Традиция апофатического богословия восходит к Дионисию Ареопагиту: «Причина всего... не душа, не ум...; и Она не есть ни слово, ни мысль...; Она и не число, и не порядок, не величина и не малость, не равенство и не неравенство, не подобие и не отличие; и Она не стоит, не движется и не пребывает в покое, не имеет силы и не является ни силой, ни светом; Она не живет и не жизнь; Она не есть не сущность, ни век, ни время;... Она не знание, не истина...; Она не единое и не единство...; Она не есть дух в известном нам смыс-

60

ле...; Она не что-то из не-сущего и не что-то из сущего; ни сущее не знает Ее такой, какова она есть, ни Она не знает сущего таким, каково оно есть; Ей не свойственны ни слово, ни имя, ни знание; Она не тьма и не свет, не заблуждение и не истина; к Ней совершенно не применимы ни утверждение, ни отрицание...» [3, с.263]. Таким образом, в апофатической традиции Бог предстает как тайна более глубокая, чем сама «тьма кромешная». По этому поводу можно вспомнить утверждение о. А. Кураева о том, что изумление, которое, по Аристотелю, является отправным пунктом философской мысли, - должно быть не только отправным пунктом, но и главным итогом мысли богословской: «знание Бога есть изумление».

К этим рассуждениям нужно добавить еще пару замечаний. Во-первых, «не» в данном случае следует понимать как «сверх», то есть как проявление не недостатка, а наоборот, избытка. «Не то, чтобы солнце, чей свет невольно бросается в глаза, не обладало максимальной видимостью; но его нельзя постичь зрением из-за его исключительной видимости. Так Бог, который есть истина, как объект интеллекта максимально умопостигаем и в то же время не постигаем умом в силу своей наивысочайшей умопостигаемости» [8, с. 15], - пишет другой представитель апофатической традиции. Во-вторых, учтем весьма тонкое замечание С.Л.Франка о том, что, «если мы хотим адекватно определить Божество как нечто совсем иное, чем все остальное, то сама «инаковостъ» должна при этом быть совсем иной, чем обычная. Это есть во всяком случае не та «инаковость», которая мыслится в противоположность тождеству, однородности или сходству ... Божество именно потому есть по сравнению со всем остальным и в отношении к нему нечто действительно «совсем иное», что оно возвышается над объемлющей все остальное противоположностью между «инаковостью» и «неинаковостью» [12, с.462].

Обоснование веры в религиозной философии.

От отрицательного богословия перейдем к рассмотрению очень интересной традиции обоснования веры, когда позитивное суждение выводится как следствие ясно осознаваемого отсутствия.
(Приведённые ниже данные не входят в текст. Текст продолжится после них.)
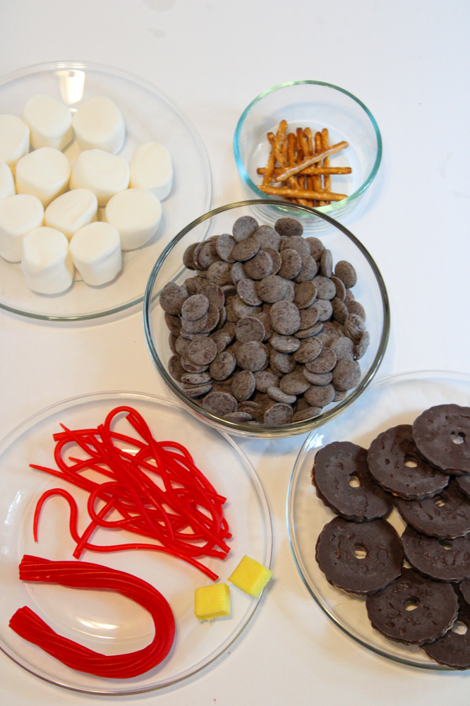 1. Gather marshmallows, cookies, pretzels and melting chocolates.

По этой логике совершается, например, удивительное обоснование веры по С.Франку: именно из отсутствия, из невозможности найти в эмпирической реаль-

61

ности те качества, которые приписываются Богу (вечность, абсолютное благо и т.д.), - нужно сделать вывод о присутствии Бога в нас. Ведь именно наша неудовлетворенность миром, наша способность замечать отсутствие этих качеств, говорит о присутствии Бога как высшей реальности. «Ведь искание, не находящее себе удовлетворения ни в каких благах и ценностях мира, предполагает смутное видение и чаяние чего-то иного, совершенной, всеобъемлющей и вечной жизни. Но откуда могло бы взяться в нашем духе такое искание, если бы он сам был всецело земного, мирского происхождения, если бы за гранью чувственно-ведомого нам не было бы ничего иного, никаких таинственных глубин и запредель-ностей?... ибо тот вечный источник жизни и света, которого мы ищем, - он то сам и есть та сила, которая гонит нас на поиски его» [11, с. 170]. Ведь «искание Бога есть уже действие Бога в человеческой душе»; «сам вопрос есть уже обнаружение его, и утвердительный ответ здесь предшествует самому вопросу как условие его возможности» [13, с. 186].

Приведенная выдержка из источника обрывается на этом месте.